Live at the Whisky is the second live recording by American rock band Kansas, released in 1992. The U.S. version includes a bonus track "Lonely Street" from 1975. A German version of the release contains an alternative bonus track, "Journey from Mariabronn" which actually includes both "Belexes" and "Journey from Mariabronn" together from that same show. The German bonus track is also available on iTunes, Napster, and other streaming services.

The album notes state that it was recorded in "one take", and has been criticized by some because of the harsh vocals of singer Steve Walsh, whose voice was failing at that time as a result of a variety of issues, including fatigue and substance abuse. It was the first official Kansas release (other than compilations) not to reach the album charts, and also the first not released on a major record label.

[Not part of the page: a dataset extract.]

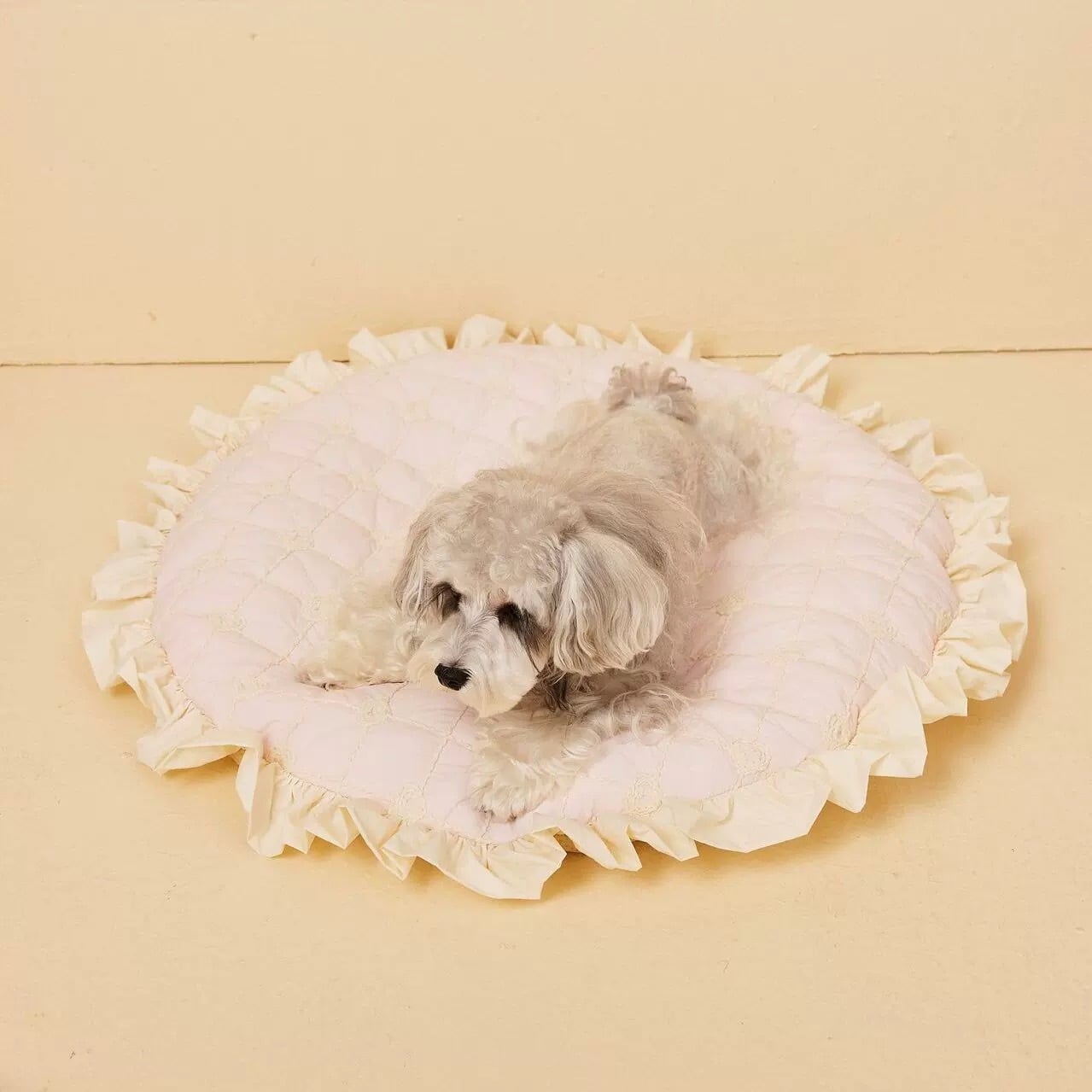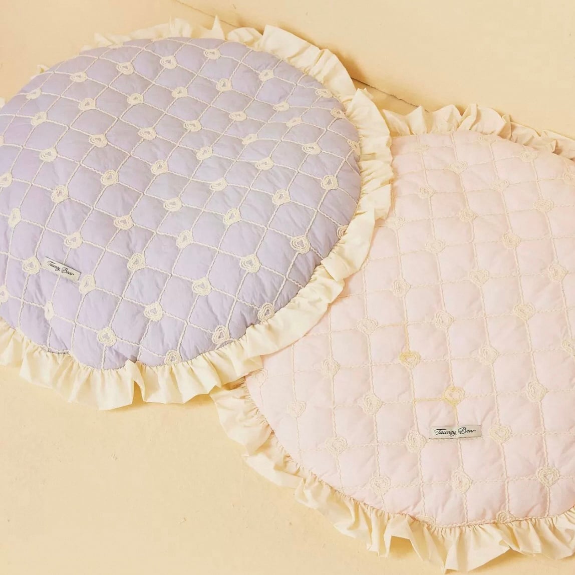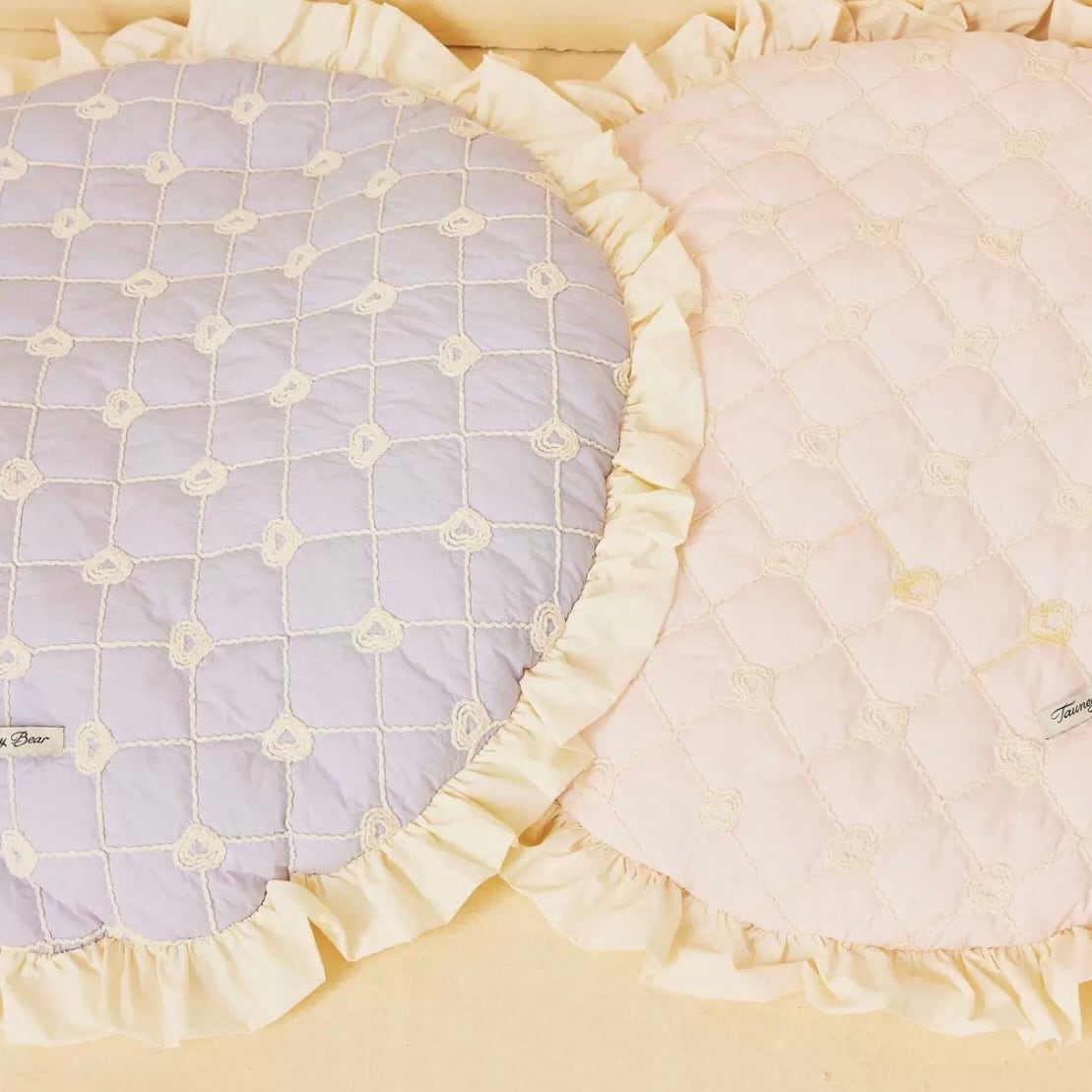 フリルが可愛いデザインのキルティングラウンドベッドです。

Walsh has stated in interviews that the recording of this CD and video was doomed from the beginning and he is embarrassed of anything that has to do with it. Since the band was funding this CD and video themselves, to save money, the band used videotape instead of film, which caused problems during the filming. Excessive lighting had to be used on stage so the videotape would pick up all the images which then led to excessive heat on stage making the performers sweat which was rather unflattering when watching the finished product. A filter was used during editing that softened the images but it caused the picture to look distorted making purchasers wonder if they had received a defective item.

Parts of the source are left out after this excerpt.